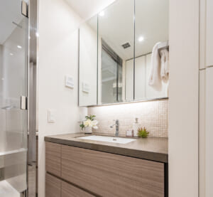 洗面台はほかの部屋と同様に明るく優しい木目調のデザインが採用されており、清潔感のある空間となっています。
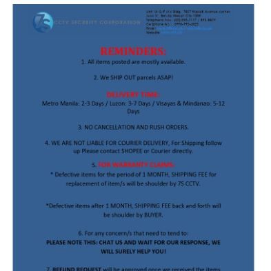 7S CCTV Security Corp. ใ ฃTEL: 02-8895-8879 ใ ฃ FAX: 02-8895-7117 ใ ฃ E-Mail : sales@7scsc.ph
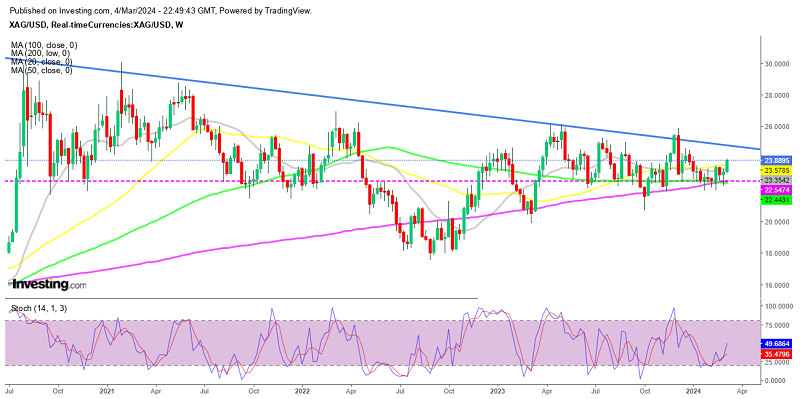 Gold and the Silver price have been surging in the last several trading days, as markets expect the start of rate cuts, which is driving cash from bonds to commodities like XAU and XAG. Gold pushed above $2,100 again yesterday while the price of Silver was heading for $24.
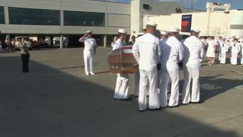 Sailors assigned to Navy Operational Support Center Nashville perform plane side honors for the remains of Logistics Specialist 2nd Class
____________
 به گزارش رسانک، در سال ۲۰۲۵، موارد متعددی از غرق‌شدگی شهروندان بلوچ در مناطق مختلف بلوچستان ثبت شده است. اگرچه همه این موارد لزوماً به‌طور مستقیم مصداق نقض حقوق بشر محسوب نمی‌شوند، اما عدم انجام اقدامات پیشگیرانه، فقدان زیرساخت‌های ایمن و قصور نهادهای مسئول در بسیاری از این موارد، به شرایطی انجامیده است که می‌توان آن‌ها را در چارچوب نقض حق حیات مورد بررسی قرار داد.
____________
Activity:
Although the records hold pictures, the copy must not; give again exactly the lines from the one with "7S CCTV Security" through the one with "Sailors assigned to".

Exercise response:
 7S CCTV Security Corp. ใ ฃTEL: 02-8895-8879 ใ ฃ FAX: 02-8895-7117 ใ ฃ E-Mail : sales@7scsc.ph
 Gold and the Silver price have been surging in the last several trading days, as markets expect the start of rate cuts, which is driving cash from bonds to commodities like XAU and XAG. Gold pushed above $2,100 again yesterday while the price of Silver was heading for $24.
 Sailors assigned to Navy Operational Support Center Nashville perform plane side honors for the remains of Logistics Specialist 2nd Class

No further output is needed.